This article lists all of the system requirements needed to set up a synchronization with Backbone.
The following information only applies to synchronizations that are created from a Jira Server or Jira Data Center deployment. Synchronizations between two Jira Cloud instances do not require changing any firewall settings because these synchronizations are running in the cloud.
- Backbone Issue Sync supports Jira 7.0 and higher
- All supported Jira versions can be synchronized with each other
For more details, see Supported Jira versions.
Backbone Issue Sync for JIRA is compatible with all JIRA products:
- Jira Software
- Jira Service Management
- Jira Core
- Jira Data Center
- Jira Cloud
Open ports and firewall setup
You usually do not need to open a special port for Backbone – it uses the HTTP(S) ports used by the Jira instances that you want to synchronize, so only these ports have to be open. The default port for HTTP is port 80, and for HTTPS it is port 443. Usually Backbone can access these ports without any additional configuration. However, if your Jira instances are running on a different port than 80 or 443, you might need to adjust your firewall settings. Then, the port is usually visible in Jira's base url, like 1234 in the url http://jira.example.com:1234. In general, the following connection properties need to be considered:
Centralized Configuration: Backbone is performing most of the synchronization processes on the instance where you have created a synchronization. This means, if you connect Jira instance A and B, you only need to allow HTTP(S) requests from Jira A to B, but not from Jira B to A.

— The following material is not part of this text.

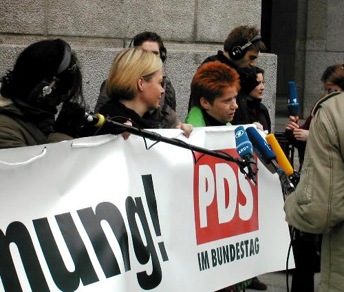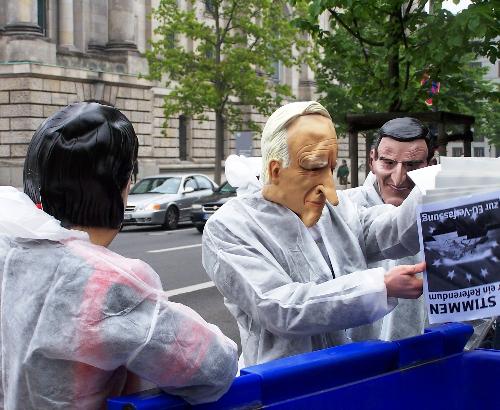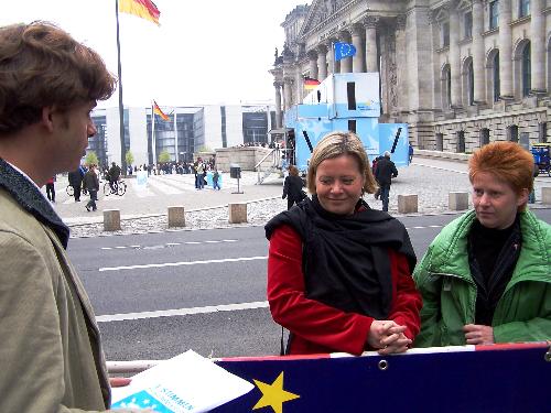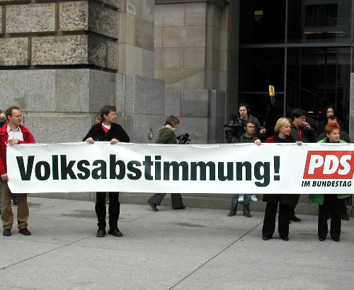 Noch einmal demonstrierten Initiativen, wie mehr Demokratie e.V und attac vor dem Bundestag für eine Volksabstimmung über die EU-Verfassung. Auch die PDS im Bundestag erneuerte ihre Forderung. Sie hatte im Parlament nur einen Partner: die FDP. Alle anderen Parteien waren dagegen, auch die SPD, auch die Grünen, obwohl sie auf Parteitagen anderes beschlossen hatten. |

Distributed Configuration (Master/Slave): Backbone is only connecting to the local Jira instance where the relevant part of the synchronization (the master or slave configuration) has been created. If you are using a mail server as the communication channel, make sure Backbone can connect to that as well.
Backbone is able to handle HTTP and HTTPS connections. You usually do not need any special SSL/HTTPS configuration in your system, except Java's default configuration. However, if you are using custom/self-signed SSL certificates or certificate authorities (CA), please make sure that you add the information into the Java trust store / 'cacert' tool. Backbone makes a request to each Jira instance where you provide a HTTPS connection for. Therefore all Jira instances need to be reachable from the Jira server where you setup a synchronization (including the Jira server itself where Backbone's synchronization is created on!).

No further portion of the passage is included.